Strategic and tactical missile detection and target detection require basically two functions. First, is the detection of the missile launch and the burning of the propellant during acceleration into the ballistic trajectory. Secondly, the missile must be tracked to determine where it is targeted. In the event of multiple launches, the number of missiles need to be counted and tracked at substantially the same time.
Traditionally, strategic and tactical missile launch detection and tracking systems use infrared surveillance techniques employed by satellite sensors. The satellite sensors are required to view the whole earth at one time because the missiles could be launched from any location. It is necessary to determine where the missile is going and, from the trajectory, to find where the missile is likely to hit with a high probability of detection. For example, it is usually required to have a probability of detection of at least 99% and to avoid a false detection to a probability of less than once per month.
Based on these requirements, satellite sensing systems have been developed that contain many individual picture elements or pixels so that the systems can detect, count and track missiles anywhere on the earth. In order to track missiles to the accuracy required, it is generally necessary that the pixels have an extremely high resolution so that they can observe about a 1.5 kilometer square grid on the earth every few seconds. To do this with a staring array several millions of pixels are often needed. Surveillance systems using these large staring arrays are quite heavy (for example, about 6,000 to 8,000 pounds) due, in large part, to the multiplicity of pixel elements employed.

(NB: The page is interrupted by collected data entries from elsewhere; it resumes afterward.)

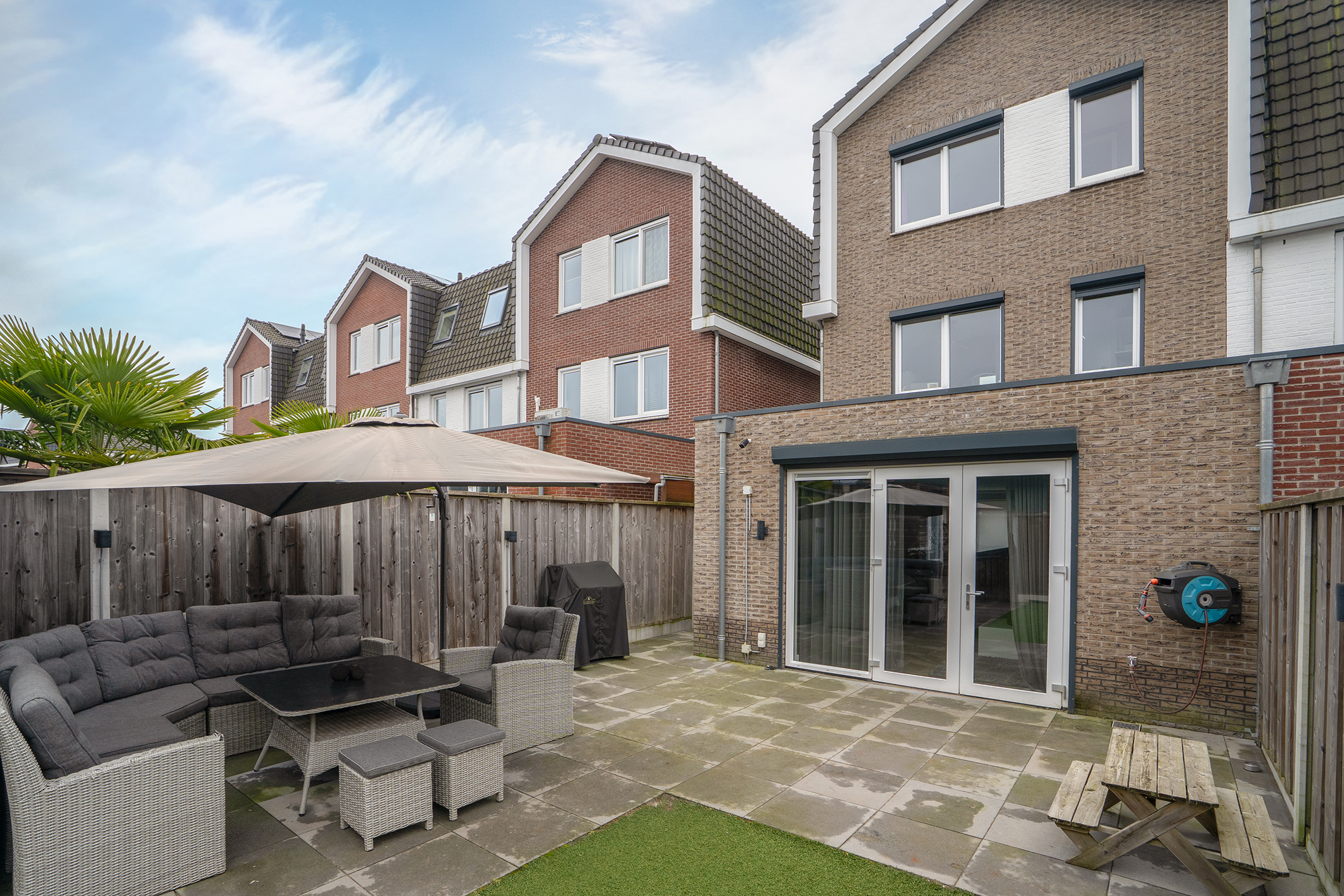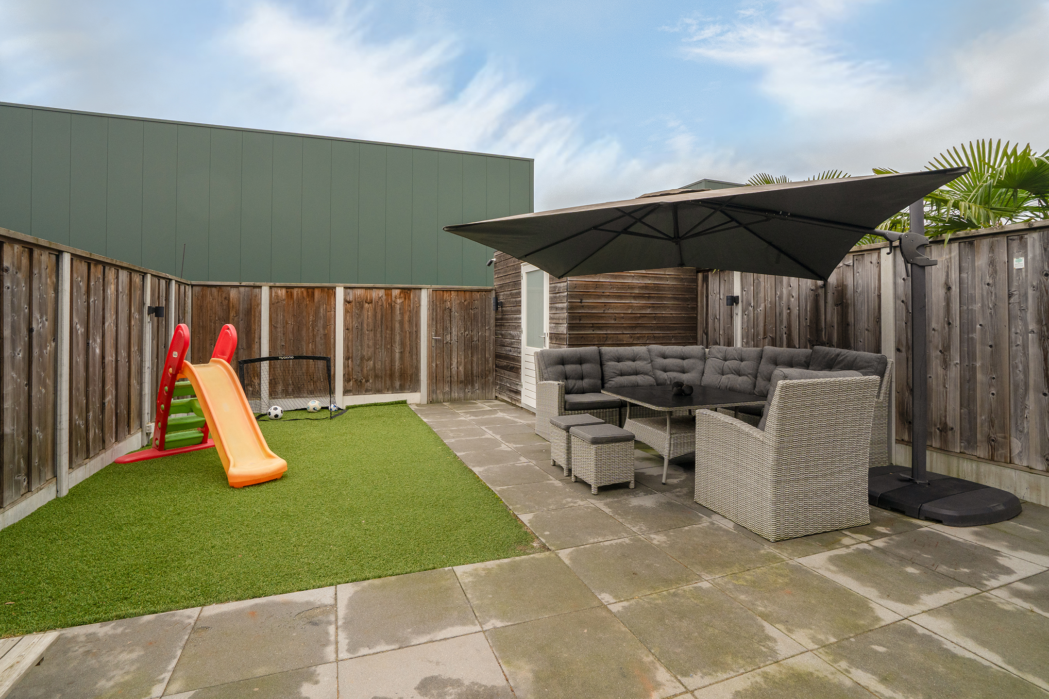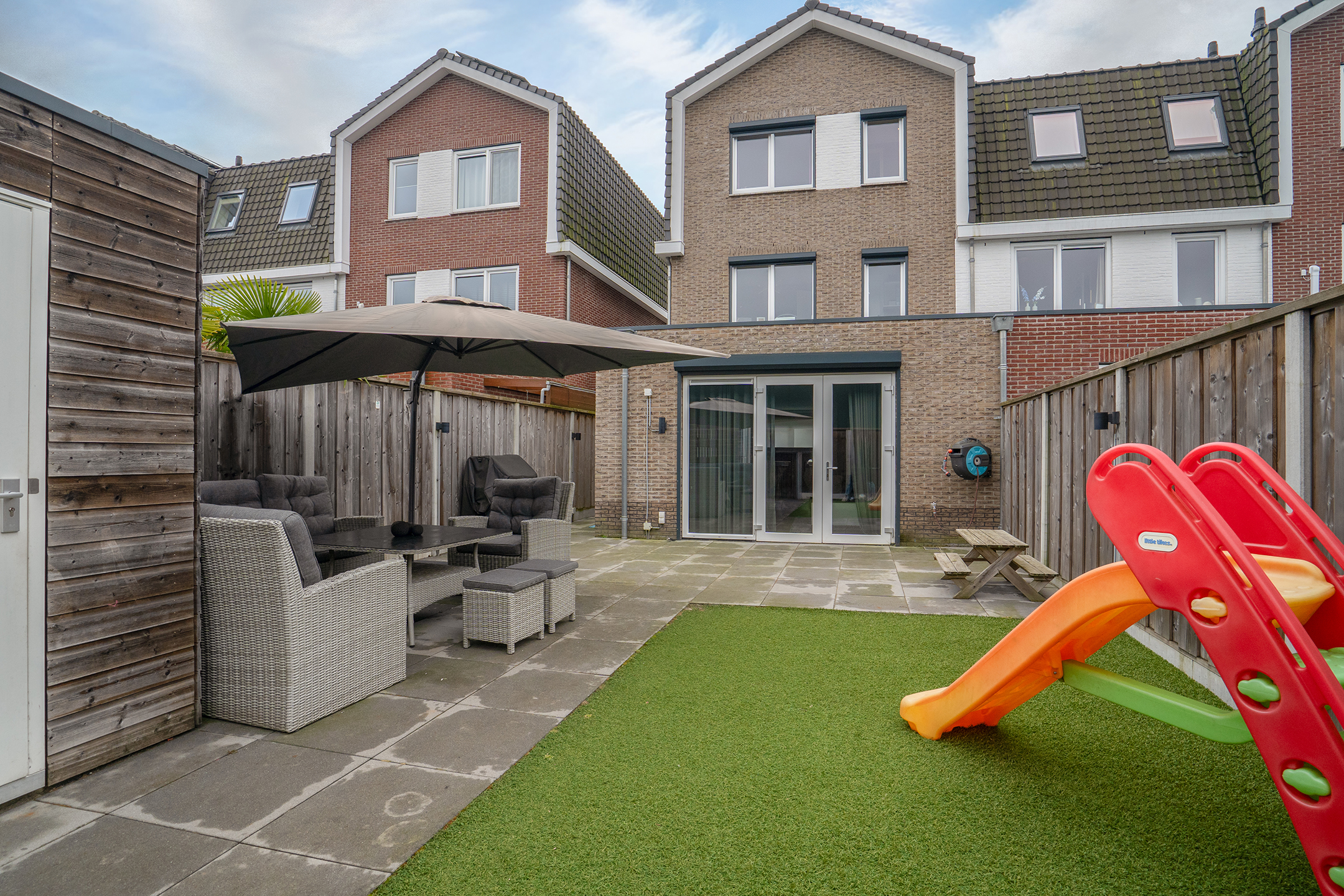 Tuin: De achtertuin is ruim en onderhoudsvriendelijk ingericht. Dankzij de combinatie van tegels en een stuk kunstgras is dit een fijne plek voor zowel ontspanning als speelplezier. Er is volop ruimte voor een comfortabele loungeset én een extra zit- of eethoek. Achterin de tuin staat een vrijstaande houten berging, ideaal voor fietsen, tuingereedschap of extra opslag. De tuin beschikt bovendien over een eigen achterom, wat het geheel extra praktisch maakt en zorgt voor een gemakkelijke toegang tot de tuin en berging.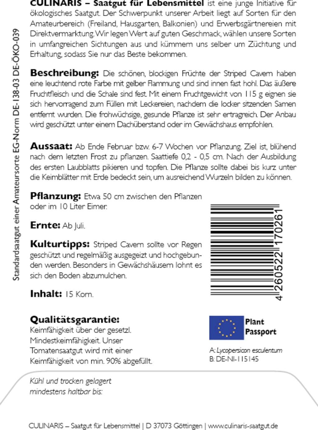 | Tillverkare: | Culinaris - Saatgut für Lebensmittel, Thiegasse 5, 37124, Rosdorf, Tyskland, info@culinaris-saatgut.de, culinaris-saatgut.de |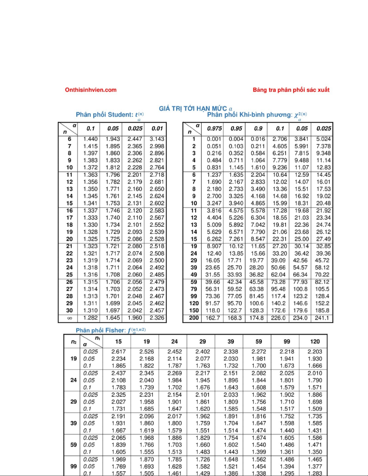Bảng giá trị phân phối thống kê poisson và student môn Xác suất thống kê| Trường Đại học Ngoại Thương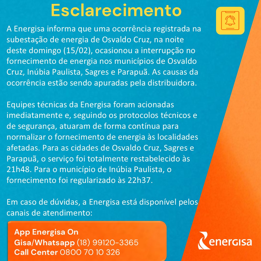 O fornecimento de energia foi totalmente restabelecido às 21h48 nos municípios de Osvaldo Cruz, Sagres e Parapuã. Já em Inúbia Paulista, a energia foi restabelecida às 22h37.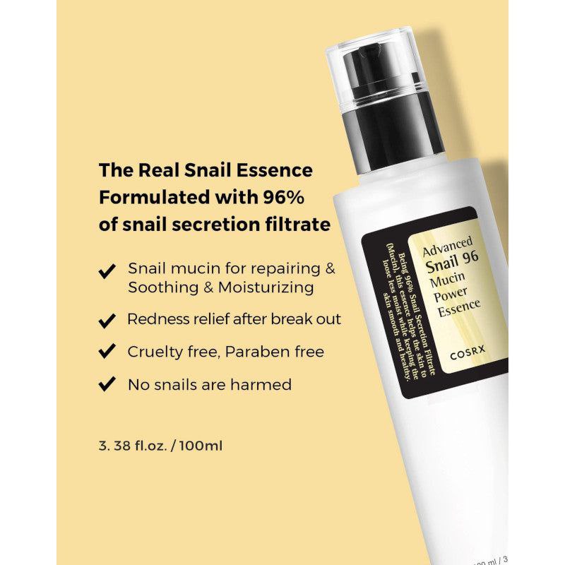 - ترمیم و بازسازی پوست اسنس حلزون ۹۶٪ موسین کوزارکس به بازسازی و ترمیم آسیبهای پوستی کمک میکند. این محصول بهویژه برای بهبود وضعیت پوستهای آسیبدیده از آفتاب، جای زخمها و دیگر مشکلات پوستی مؤثر است.

To launch a satellite using such large staring arrays, expensive and heavy spacecraft launch vehicles, such as the Titan IV, must be used. This, of course, undesirably increases the cost of the project. The number of pixels can be reduced by scanning sensors but the pixels must be scanned at such a high rate that it produces an exceedingly large number of operations per second for the on-board satellite computer. Alternatively, all of the sensor data can be transmitted to the ground with a wide band data link. However, this is less desirable than on-board processing because it is less robust and radiation hard when compared with the narrow band data link that is used with on-board processing.
Many known missile detection systems sense infrared radiation in a single band. This band contains information about the missile as well as unwanted background. Another approach uses two discrete radiometers to cover two detection bands which are independently processed. Either approach suffers from problems when a strong background signal approximates or exceeds the missile within the detected band or bands. Hence, they are subject to a large number of false alarm indications when a detection threshold is set too close to the background clutter or to undesirably lower detection rates if the threshold is set too high.
It is an object of the present invention to overcome one or more of these problems.